▸ **WHAT IS REQUIRED**
When you reach the line with "Figure 1: ADP", transcribe it and each line after it through the last one below, exactly. Pictures stay out.

▸ **PROVIDED MATERIAL**
════════
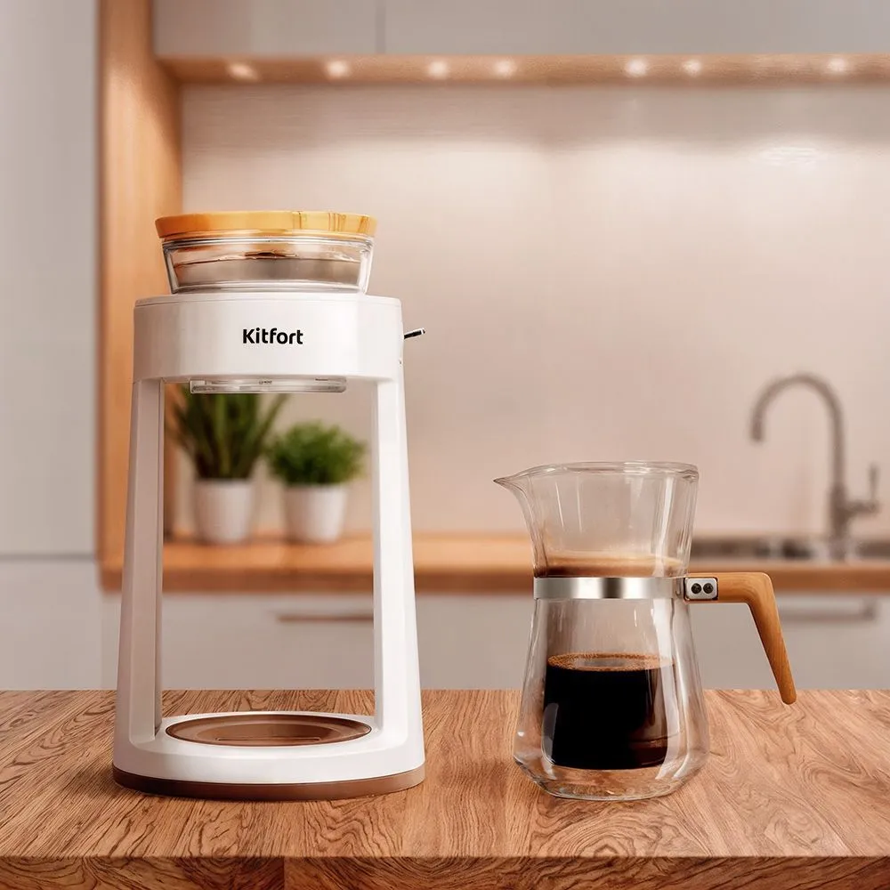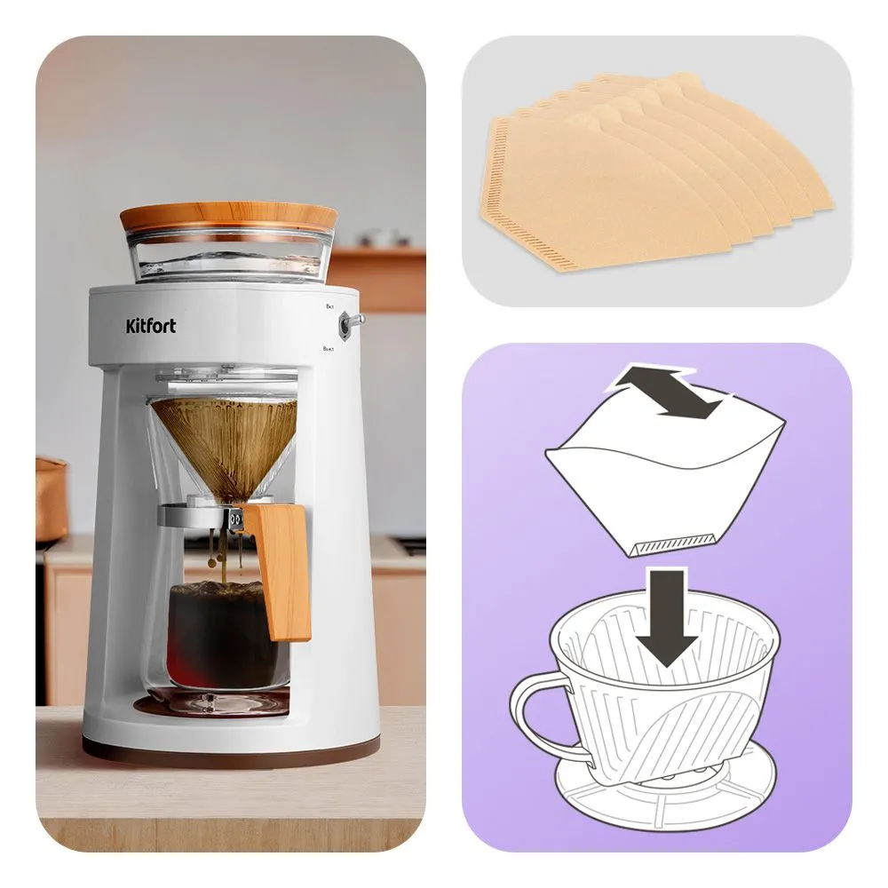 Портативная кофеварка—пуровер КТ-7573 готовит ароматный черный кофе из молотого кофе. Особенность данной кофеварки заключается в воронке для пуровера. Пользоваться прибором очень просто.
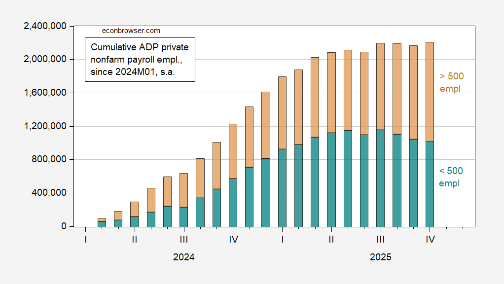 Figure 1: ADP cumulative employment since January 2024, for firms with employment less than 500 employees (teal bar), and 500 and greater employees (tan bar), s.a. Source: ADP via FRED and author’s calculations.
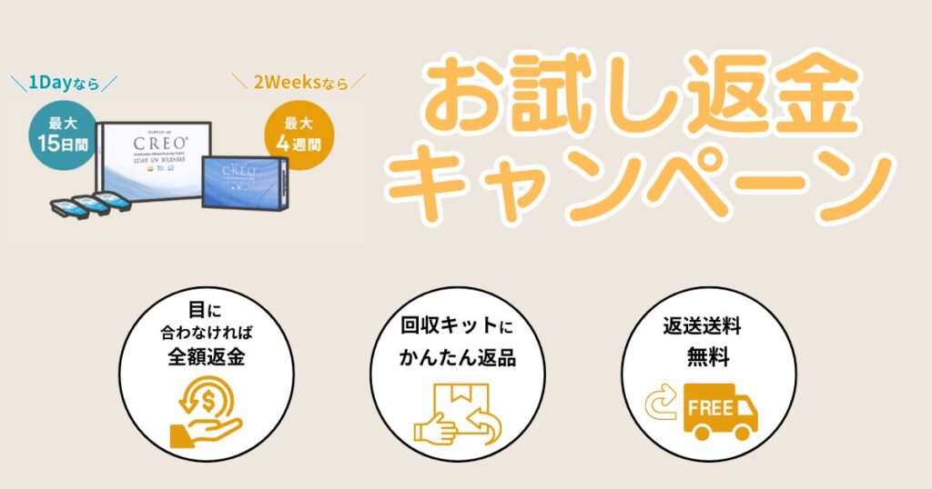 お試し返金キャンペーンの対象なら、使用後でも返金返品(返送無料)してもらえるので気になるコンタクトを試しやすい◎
════════
▸ **SOLVED EXERCISE**
 Figure 1: ADP cumulative employment since January 2024, for firms with employment less than 500 employees (teal bar), and 500 and greater employees (tan bar), s.a. Source: ADP via FRED and author’s calculations.
 お試し返金キャンペーンの対象なら、使用後でも返金返品(返送無料)してもらえるので気になるコンタクトを試しやすい◎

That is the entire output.